指尖触到书页边缘时,突然想起去年冬天在胡同口看人修灯笼。老匠人蹲在台阶上,手里攥着半截竹篾,风一吹,那点暖黄的光就跟着晃,像随时要灭似的。田汉笔下的刘凤仙大概也这样,站在台沿儿上唱《思凡》,水袖甩出去的弧度,和修灯人手里的竹篾一样,都带着股“再撑一撑”的劲儿。可戏台子就这么大,容得下唱念做打,容不下人心里的算计——刘凤仙的嗓子越亮,越衬得她身后的影子黑得瘆人。

书里写刘振声教徒弟时,总爱说“戏是假的,可劲儿得真”。我小时候学钢琴,老师也这么唠叨。那时候觉得“真”就是手指头要立住,手腕别塌,可后来才明白,这“真”里藏着多少拧巴。刘振声守着老戏班子的规矩,像守着个快漏底的瓷碗,水往外淌,他偏要拿手捂着。刘凤仙不一样,她要的是聚光灯下的热闹,是台下人喊“再来一段”的虚荣。两个人较劲的样子,让我想起我妈总说“你爸太倔”,我爸反过来骂她“不懂规矩”——原来代沟这东西,戏台上台下都一个样。

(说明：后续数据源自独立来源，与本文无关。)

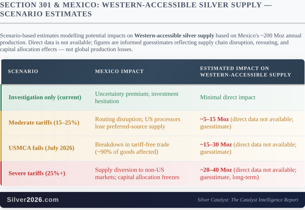 The supply risk scenarios depend heavily on how far the investigation escalates. The following estimates model potential impacts on Western-accessible silver supply — direct data is not available, so these are informed guesstimates based on Mexico's ~200 Moz annual output:
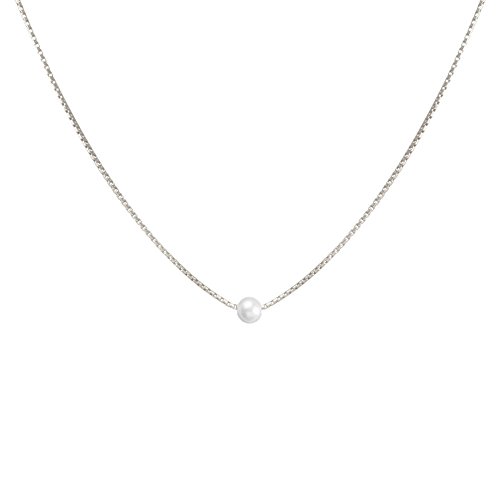 12.5" silver dipped silky box chain necklace with a 6.5mm pearl

最扎心的是刘振声倒下那场戏。他穿着褪色的蟒袍,躺在后台的破藤椅上,手里还攥着半块没吃完的点心。灯光暗下来时,我忽然想起老家院里的老枣树。前年回去,发现树根那儿生了虫,树皮一块块往下掉,可枝头还挂着几颗干瘪的枣子。刘振声大概也知道自己快撑不住了,可他还是想给徒弟留个样儿,哪怕这徒弟早就跟着别人学新戏去了。戏班子的规矩,说到底不就是“人得守着点什么”吗?可守着守着,守的人没了,规矩也就成了空壳子。

合上书那会儿,窗外的路灯正好灭了。黑暗里,我摸了摸书脊,纸页有点发潮,像是谁偷偷哭过。刘振声要是活到现在,会不会也去直播里唱两句?刘凤仙呢,会不会在短视频里教人“如何快速成名”?戏台子拆了,规矩散了,可人心里那点“较劲”的劲儿,到底该往哪儿使?